Kamal Sanaa M, Fouly Amr E, Kamel Refaat R, Hockenjos Bridgette, Al Tawil Ahmed, Khalifa Khalifa E, He Qi, Koziel Margaret J, El Naggar Khairy M, Rasenack Jens, Afdhal Nezam H
Division of Gastroenterology and Liver Disease Center, Beth Israel Deaconess Medical Center, Harvard Medical School, Boston, MA, USA.
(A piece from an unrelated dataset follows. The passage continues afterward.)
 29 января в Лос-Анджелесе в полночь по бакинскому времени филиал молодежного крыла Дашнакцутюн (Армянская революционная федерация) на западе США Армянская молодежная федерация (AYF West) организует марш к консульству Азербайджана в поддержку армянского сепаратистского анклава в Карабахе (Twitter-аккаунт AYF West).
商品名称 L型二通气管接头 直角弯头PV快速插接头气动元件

Gastroenterology. 2006 Mar;130(3):632-8. doi: 10.1053/j.gastro.2006.01.034.
BACKGROUND & AIMS: Pegylated interferon therapy has not been adequately evaluated in acute hepatitis C virus (HCV) infection. This randomized trial assessed the efficacy, safety, and timing of pegylated interferon alfa-2b for treatment of acute hepatitis C.
One hundred seventy-five patients acutely infected with HCV were screened. Patients whose infection did not spontaneously resolve by week 8 were randomized to once weekly peginterferon alfa-2b monotherapy (1.5 microg/kg per week) started at weeks 8, 12, or 20 for a duration of 12 weeks. The primary endpoint was undetectable HCV RNA 24 weeks after the end of treatment (sustained virologic response [SVR]). All patients were followed for 48 weeks after cessation of therapy.
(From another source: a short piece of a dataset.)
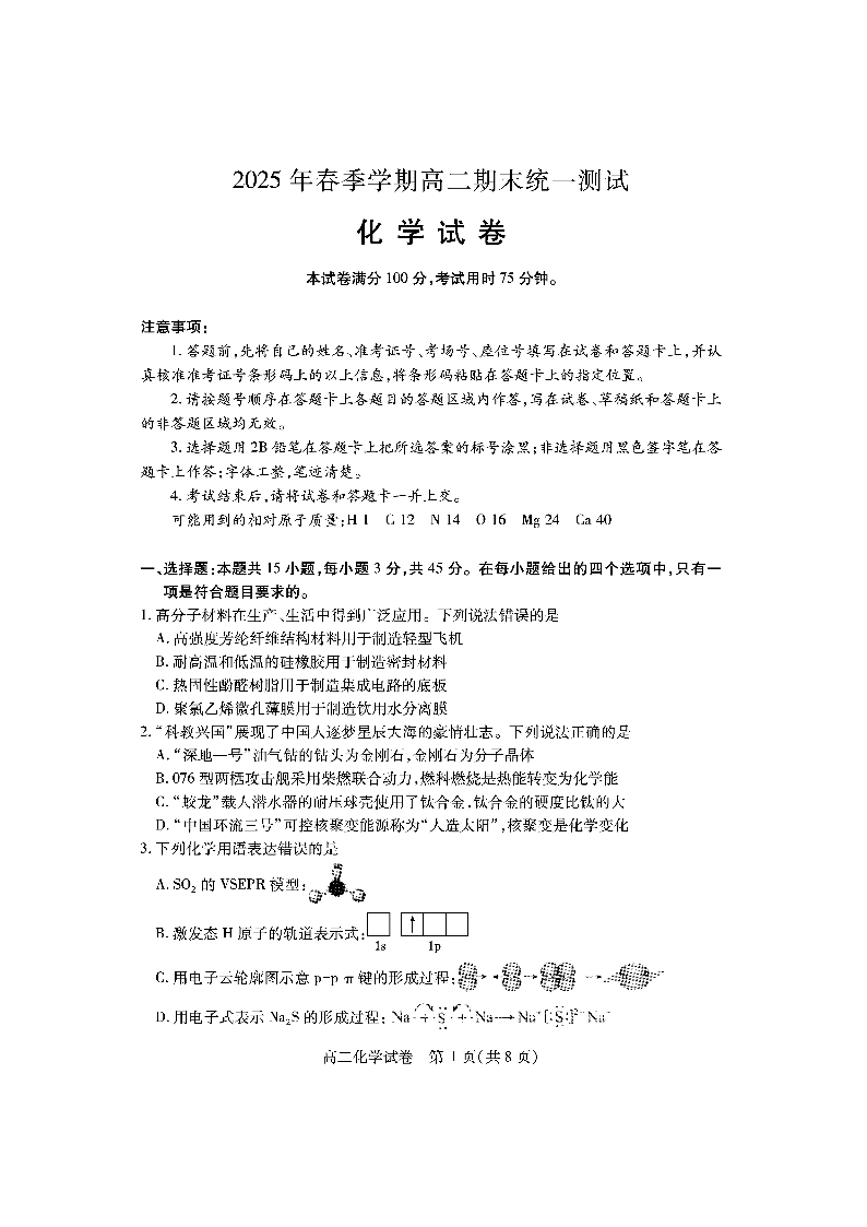 高二化学--湖北省黄石市2024-2025学年高二7月期末统一测试

One hundred twenty-nine subjects started treatment at week 8 (group A, n = 43), week 12 (group B, n = 43), or week 20 (group C, n = 43). By using an intent-to-treat analysis, the overall SVR rate was 87%. The SVR rates were 95%, 92%, and 76% with treatment onset at 8, 12, and 20 weeks, respectively. Overall, SVR rates were better for patients infected with genotypes 2, 3, and 4 than those infected with genotype 1. Earlier initiation of therapy improved SVR rates for patients infected with genotype 1 with high viral load. Peginterferon alfa-2b was well tolerated. Subjects with SVR maintained undetectable HCV RNA 48 weeks after therapy.
Peginterferon alfa-2b monotherapy in acute hepatitis C induces high sustained virologic response rates, prevents chronic evolution, and is well tolerated. Initiation of treatment at week 8 or 12 results in higher sustained virologic rates than initiation at week 20.
聚乙二醇化干扰素疗法在急性丙型肝炎病毒(HCV)感染中的疗效尚未得到充分评估。本随机试验评估了聚乙二醇化干扰素α-2b治疗急性丙型肝炎的疗效、安全性及治疗时机。
对175例急性感染HCV的患者进行筛查。感染在第8周时未自发缓解的患者被随机分为三组,分别在第8周、第12周或第20周开始接受每周一次的聚乙二醇化干扰素α-2b单药治疗(1.5μg/kg/周),疗程为12周。主要终点为治疗结束后24周时HCV RNA检测不到(持续病毒学应答[SVR])。所有患者在治疗停止后随访48周。
129名受试者在第8周(A组,n = 43)、第12周(B组,n = 43)或第20周(C组,n = 43)开始治疗。采用意向性分析,总体SVR率为87%。治疗开始于第8周、第12周和第20周时的SVR率分别为95%、92%和76%。总体而言,感染2、3和4型的患者的SVR率高于感染1型的患者。对于高病毒载量的1型感染患者,更早开始治疗可提高SVR率。聚乙二醇化干扰素α-2b耐受性良好。达到SVR的受试者在治疗后48周HCV RNA仍检测不到。
聚乙二醇化干扰素α-2b单药治疗急性丙型肝炎可诱导较高的持续病毒学应答率,预防慢性化,且耐受性良好。在第8周或第12周开始治疗比在第20周开始治疗能获得更高的持续病毒学应答率。